Patients with end-stage kidney disease (ESKD) who use hemodialysis to filter their blood require vascular access for the dialysis machine; the most common type of vascular access is called an arteriovenous fistula (AVF). The AVF is a direct connect between an artery and vein.

Until recently, AVFs were only created through surgery that requires general anesthesia and opening up the skin. Now there are 2 FDA-approved devices designed to create AVFs using endovascular techniques (endoAVF), which means a device that goes through the skin instead of opening the skin up. Also patients are not required to be under general anesthesia, they can receive local anesthesia instead. Due to the relatively new approval of these devices, there is not a randomized study to compare the results of endoAVF versus surgAVF.
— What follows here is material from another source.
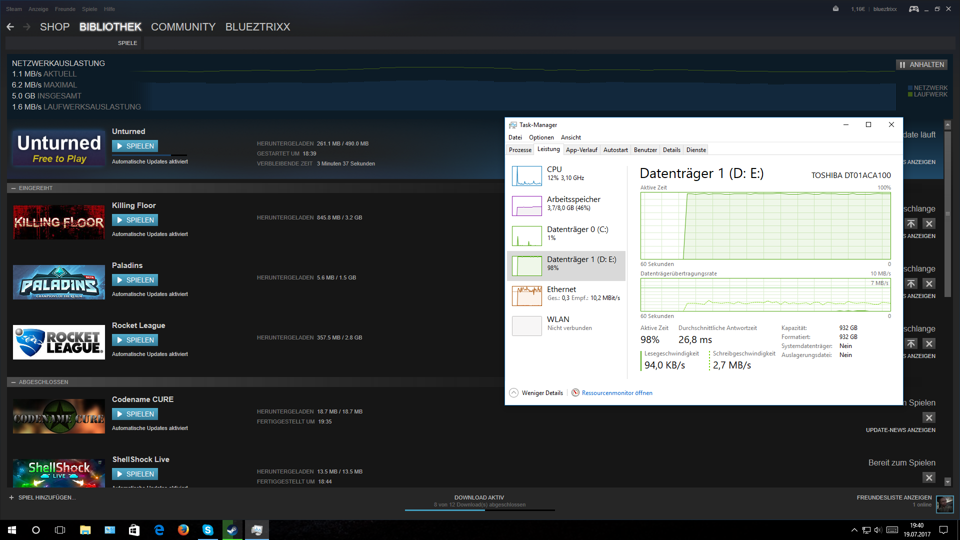 Da ich heute meine 50K Leitung bekommen habe, habe ich Steam natürlich ein paar Spiele und Updates runterladen lassen und dabei habe ich bemerkt dass am Anfang der Download von der Geschwindigkeit passt aber nach einiger Zeit abfällt dann habe ich im Task Manager nachgeschaut und dass bemerkt:

This study is a pilot study for an eventually larger scale study to compare the results of endoAVF versus surgAVF. The study aims to determine what the proportion of patients seeking hemodialysis access could qualify for receiving either an endoAVF , surgAVF, or both. Patients who are screened for hemodialysis access must undergo a duplex ultrasound of the blood vessels in the arm to confirm correct sizing. If participants qualify for both procedures they will be randomized to either endoAVF or surgAVF and will track the clinical and patient-reported outcomes of each procedure. Our pilot study hopes to enroll 90 participants. Those outcomes will inform a larger scale study. If the potential participant chooses to abstain from participation in the randomized trial, preferring to decide the method of AVF creation, we will offer to them a chance to join an endoAVF/surgAVF registry that will track the clinical outcomes of the procedure via medical record monitoring.

Primary Purpose
Study Type


Healthy Volunteers
Minimum Age
18 Years
Maximum Age
99 Years

Inclusion Criteria:

  • ESKD patients aged >18 who have chosen hemodialysis as their renal replacement option.
  • Ability to give consent to participate in a research study.
  • Upper arm vein diameter of ≥ 2.0 mm.

Ellipsys specific inclusion criteria:

  • Confirmed radial artery-adjacent vein proximity ≤ 1.5 mm measured lumen edge-to- lumen edge as determined by preprocedural ultrasound and confirmed pre- procedurally.
  • Confirmed radial artery and adjacent vein diameter of ≥ 2.0 mm at site where vein and artery connects.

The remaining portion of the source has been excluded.